Macroeconomics

Exogenous Growth

Published Mar 5, 2023

Definition of Exogenous Growth

Exogenous growth is a type of economic growth that is driven by external factors, such as technological progress or population growth, rather than by internal factors, such as investment or savings rates. In other words, exogenous growth is not caused by efforts made by people but rather by external factors that affect the economy as a whole.

Example

For example, technological progress is a major driver of exogenous growth. Technological advancements can lead to the creation of new industries, products, and services that were not previously available, increasing productivity and generating economic growth. The development of the internet and mobile devices over the past few decades is a prime example of exogenous growth driven by technological progress and has transformed the way people live and work around the world.

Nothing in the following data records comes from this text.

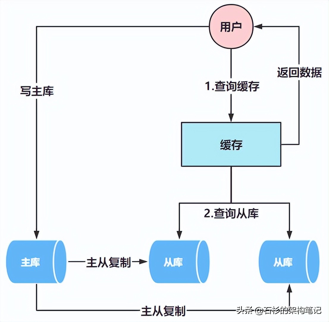 说白了,就是使用缓存来承接大多数的查询请求,这样到达数据库的请求就非常少了,数据库的资源占用率就会稳定在一个正常范围,从而使得订单sql的查询效率,不至于受到很大影响。 引入读写分离方案优化案例 —— 由于促销活动的原因,大量下单的用户会不断刷新页面来查询订单信息,比如看一下订单是否开始配送,此时就会导致大量的请求打到MySQL上去。 此时单库又抗不了这么读请求,就导致了数据库负载很高,从而严重降低了订单sql的查询效率,最终导致在促销活动期间,订单sql的查询时间突增到2.5s。 促销活动期间对订单的操作,是典型的读多写少场景,为了解决这个问题,引入了读写分离的方案,如下图:
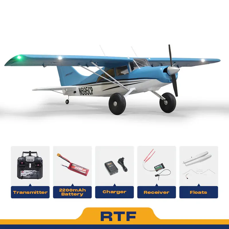 RTF (Ready to Fly) airplanes come with everything you need to fly in the box. A transmitter, receiver, battery, charger, and all other required electronics are included and pre-installed from the factory.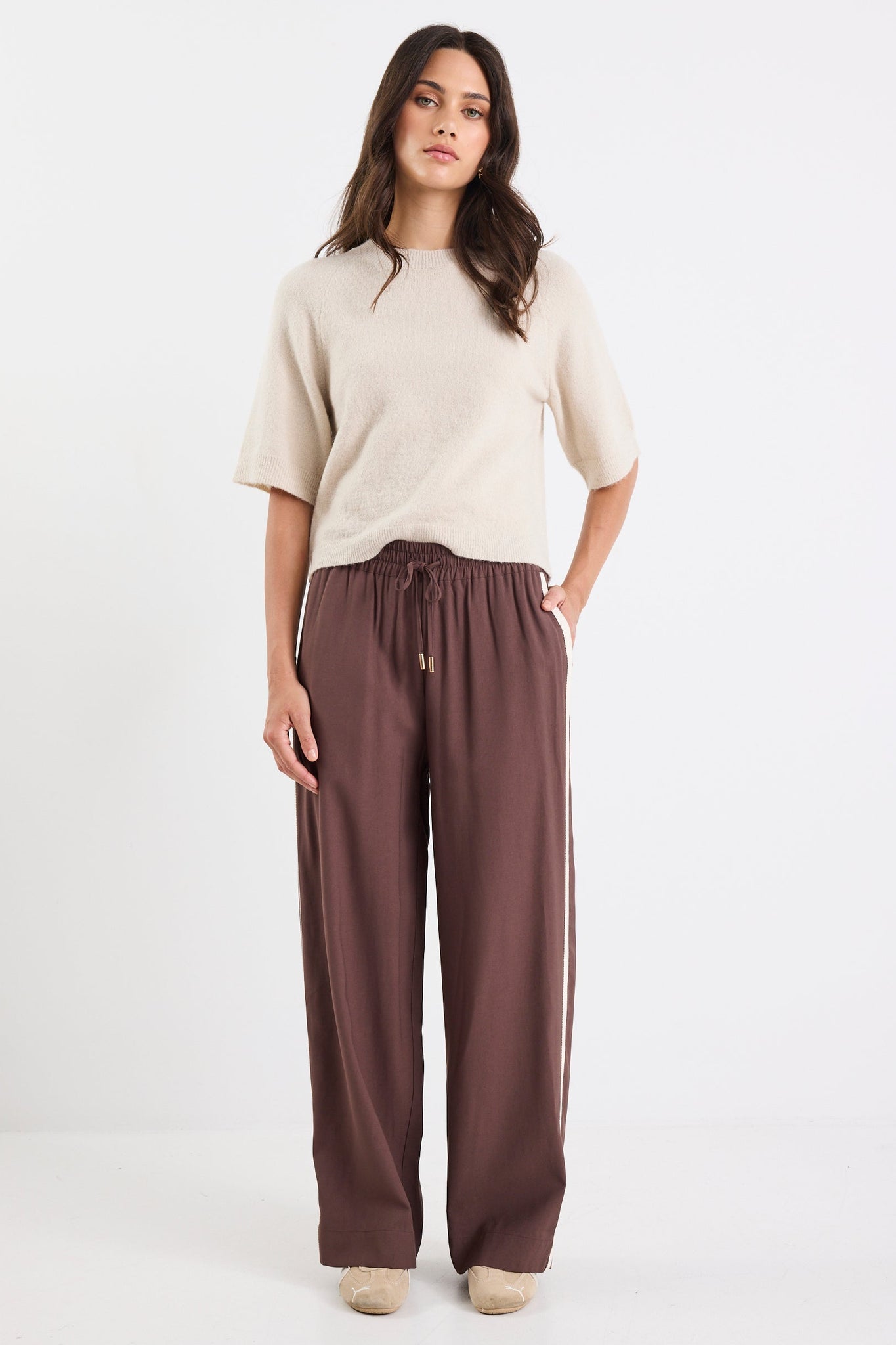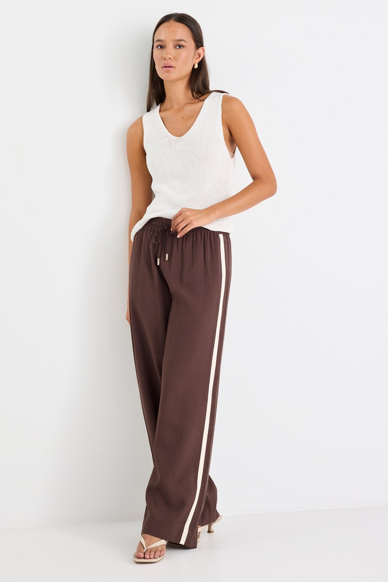The Townie Chocolate Wide Leg Pant from Stories Be Told effortlessly combines everyday style with comfort. The relaxed, wide-leg style makes them a staple for those seeking a stylish and functional piece to transition from day to night. Crafted from a soft viscose blend and an elastic waistband with a drawstring, these pants are designed to flatter various body types.
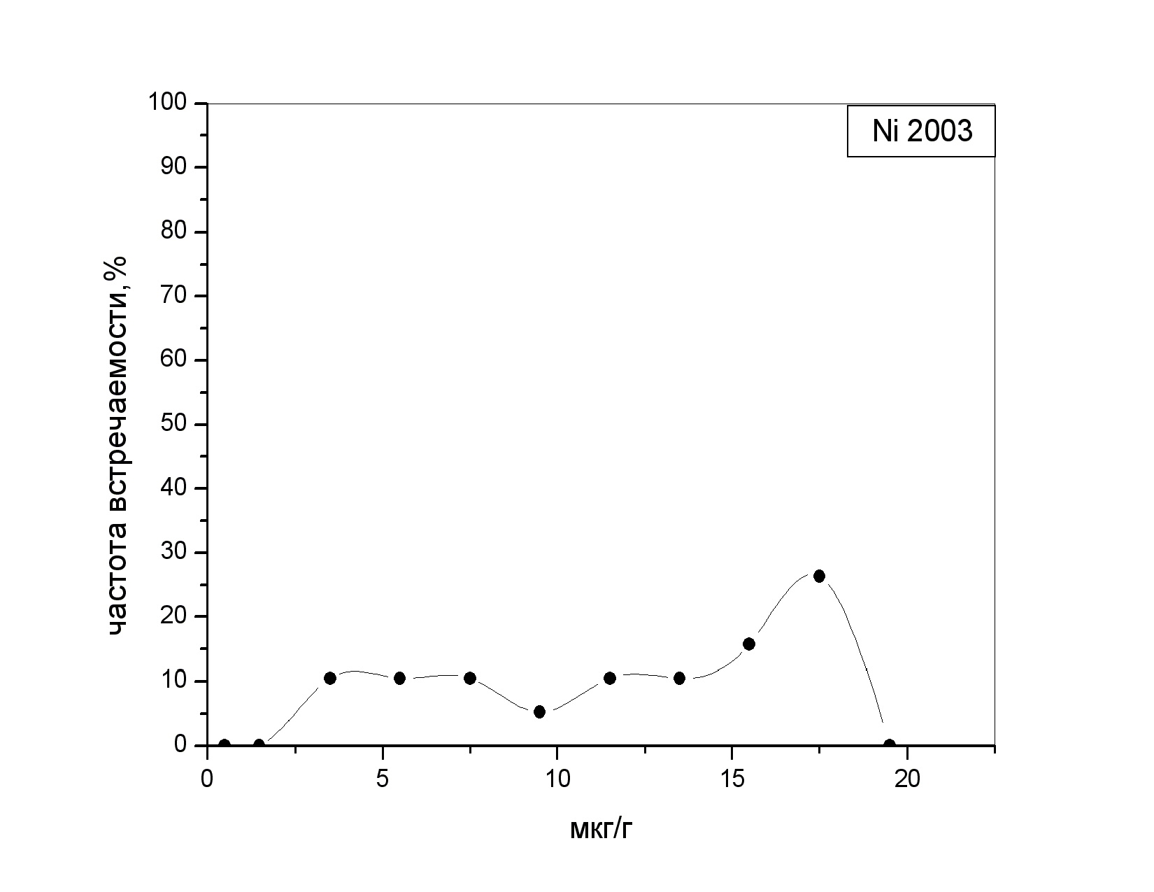 Частотный спектр встречаемости аналитических концентраций никеля в донных отложениях в 2003 году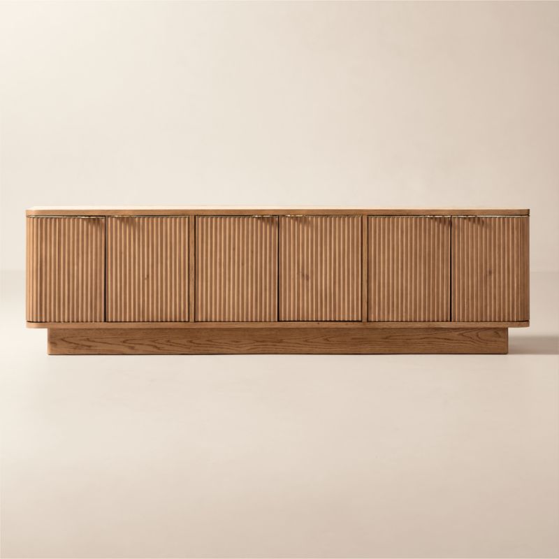 Designed by Studio ANANSI, the soft, fluid silhouette of the Davison media console makes a stunning statement. Fluted drawer fronts are complemented by polished unlacquered brass handles, offering a living finish that will develop the patina of a vintage find. Simply polish the brass to restore its original luster. CB2 exclusive.
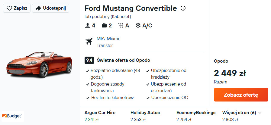 Zachęcam cię wypożyczenia samochodu po przylocie na Florydę. Na przykład za wynajem Forda Mustanga w wersji kabrio lub podobnego modelu zapłacisz od 272 PLN/doba.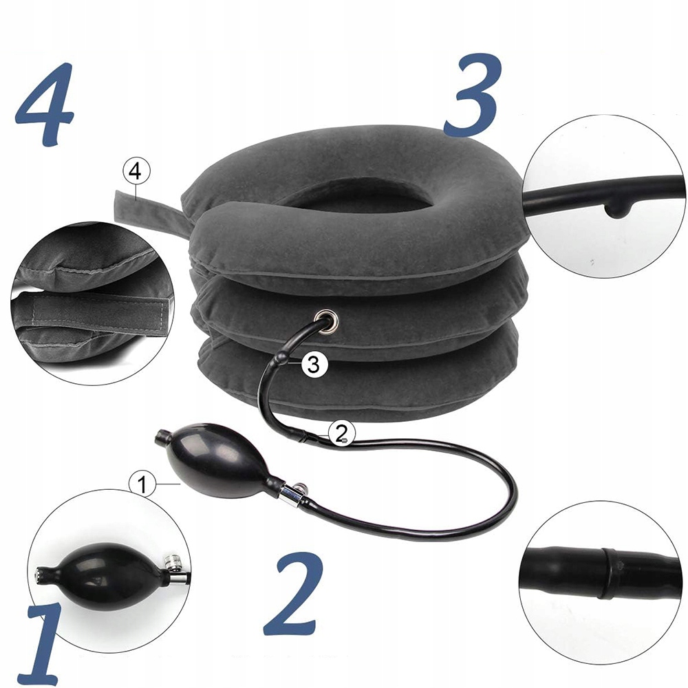 Надувний пристрій для тяги шиї має три шари, регулює натягувач шиї в необхідному фіксованому положенні, підтримує належну тягу шиї/шиї та виконує повітря і терапія шиї. Ми рекомендуємо використовувати шийний бандаж протягом 15-20 хвилин двічі на день протягом першого та другого тижня. З третього тижня ортез можна використовувати повторно, залежно від потреб.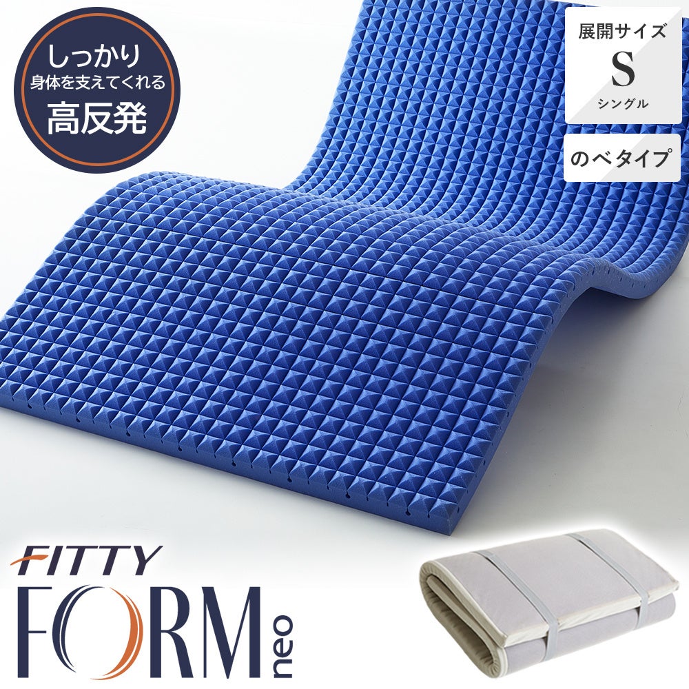 従来モデルの【ツインフォームNEO】から凹凸構造のある上層のみを使用したマットレスパッド【フィッティーフォームNEO】は、ダイヤカットされた高反発ウレタンが身体をしっかり支え、体圧を分散してくれるなどの機能性が高いながらも、お手持ちの敷寝具にプラスするだけで使用可能といったエントリーのしやすさやコスパ面の良さも魅力です!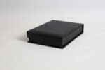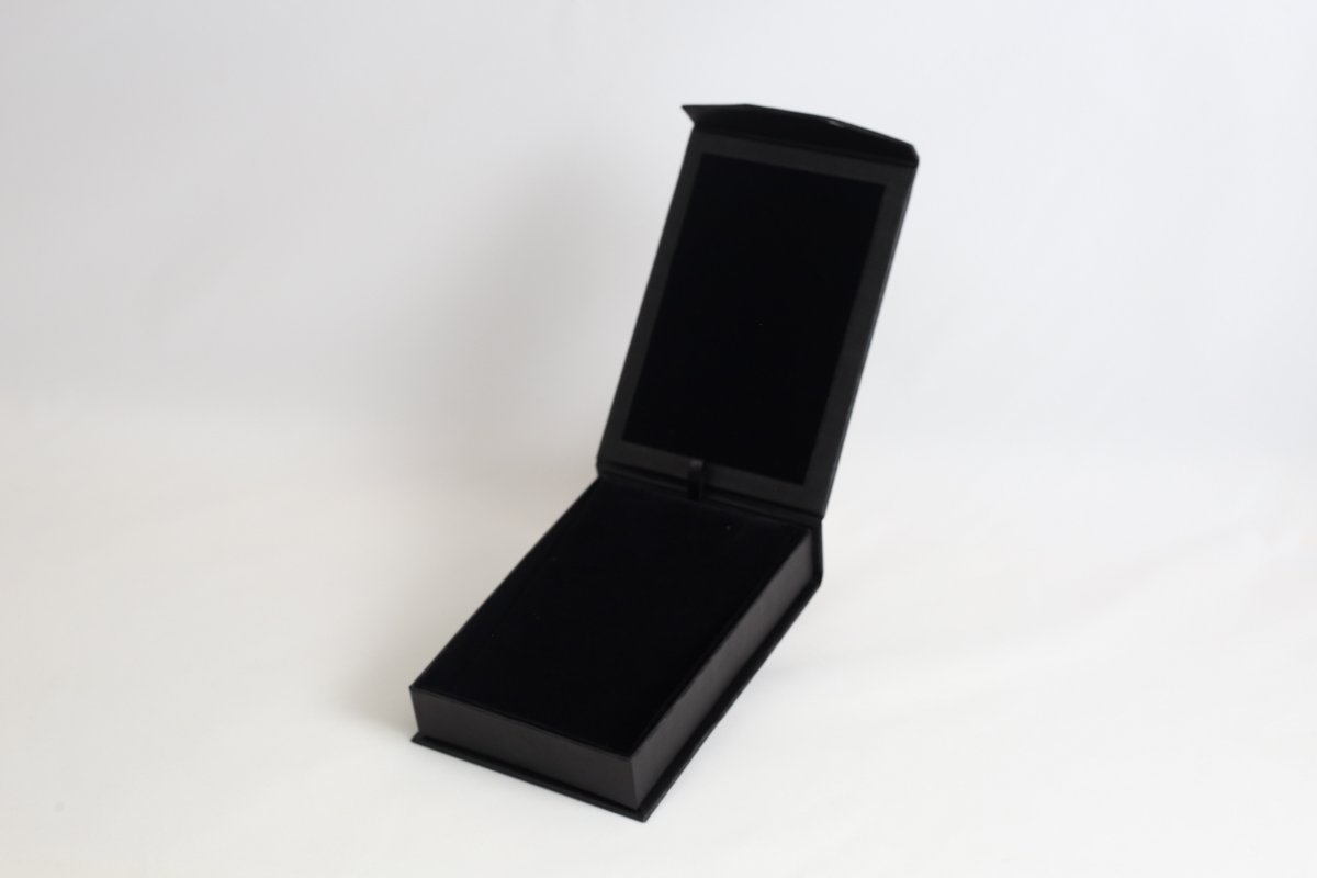 Revestimento externo em papel telado e interno em veludo.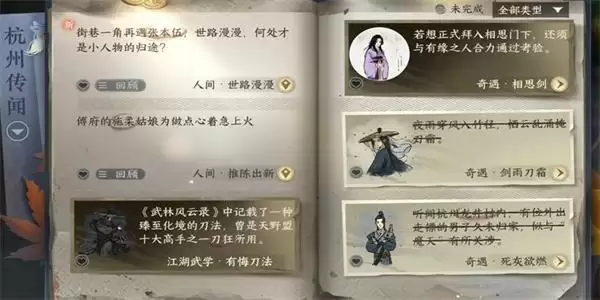 1、首先我们前往到杭州【986,850】的位置,与NPC进行对话,就可以解锁该传闻了。
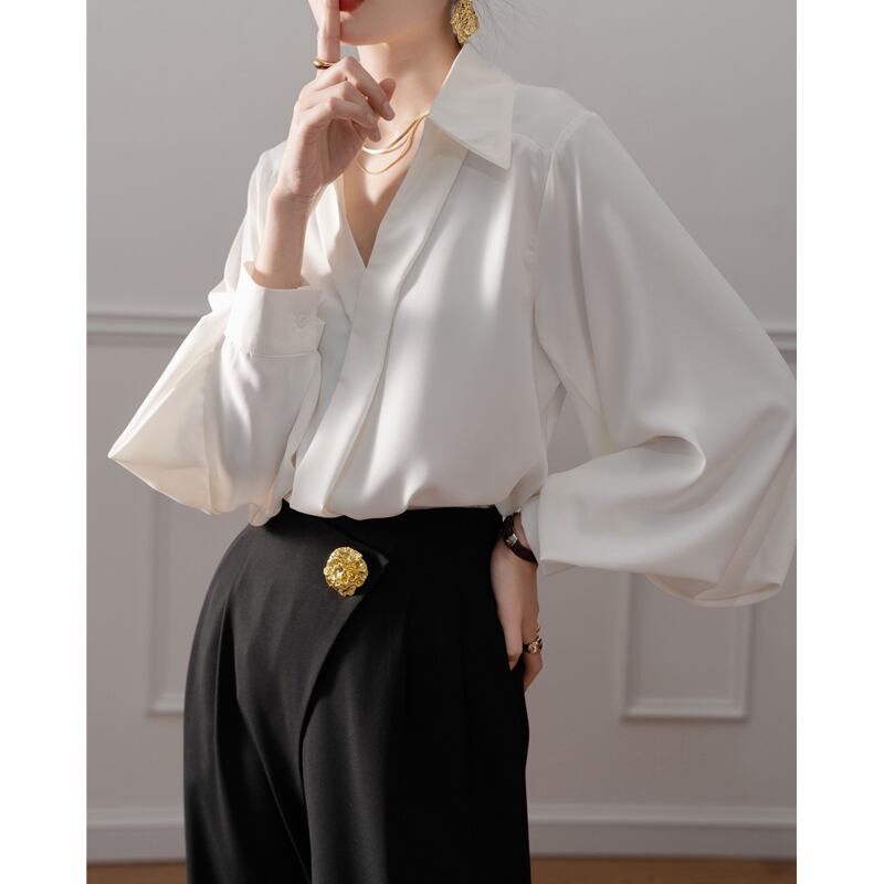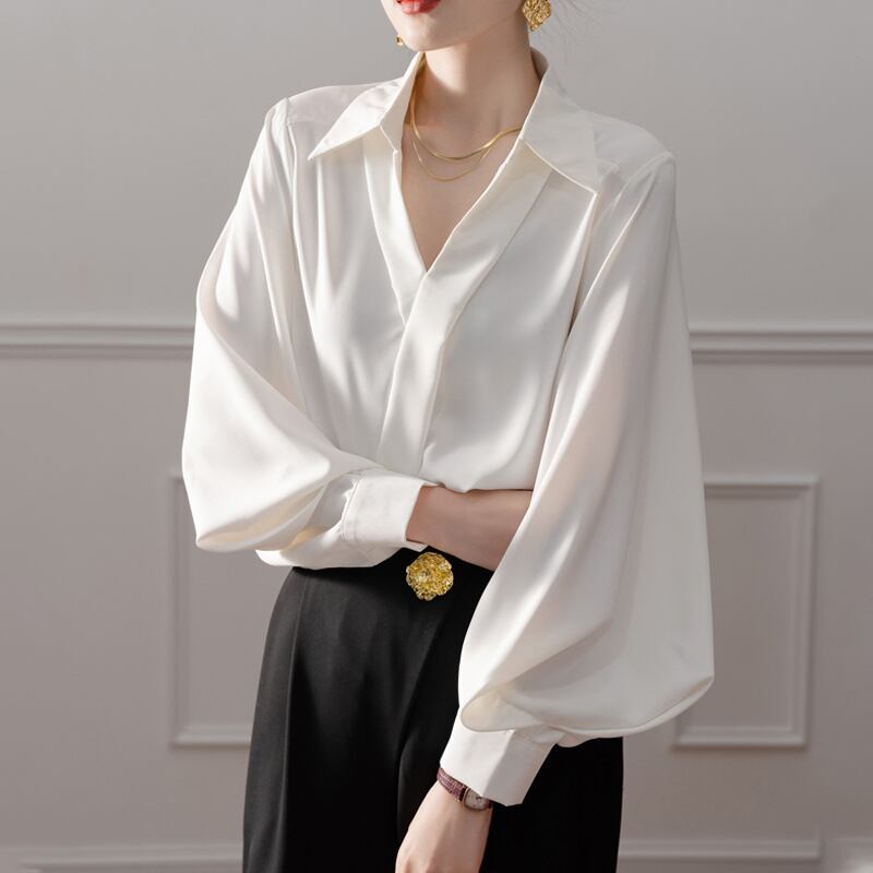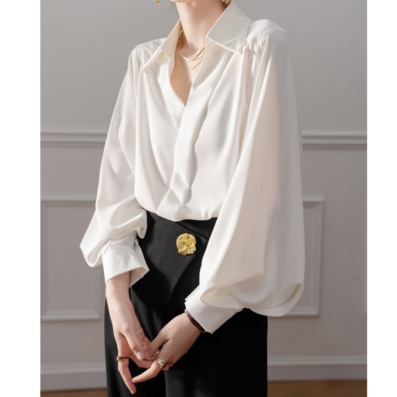 トップス シャツ ランタンスリーブ 無地 オフィスカジュアル ホワイト S M L XL

Similarly, population growth can also contribute to exogenous economic growth. As populations grow, there is typically an increase in demand for goods and services, leading to higher levels of economic activity. However, it is important to note that population growth alone may not be sufficient to sustain long-term economic growth without other contributing factors, such as productivity growth.

Why Exogenous Growth Matters

Exogenous growth is important because it can provide a significant boost to an economy’s overall productivity and economic performance. However, it relies on external factors that may not necessarily continue indefinitely, meaning that it may not be a sustainable source of economic growth over the long term. The use of more traditional methods to promote economic growth, such as increasing investment in education and infrastructure or improving productivity levels, therefore remains a critical consideration for policymakers seeking to drive long-term economic growth.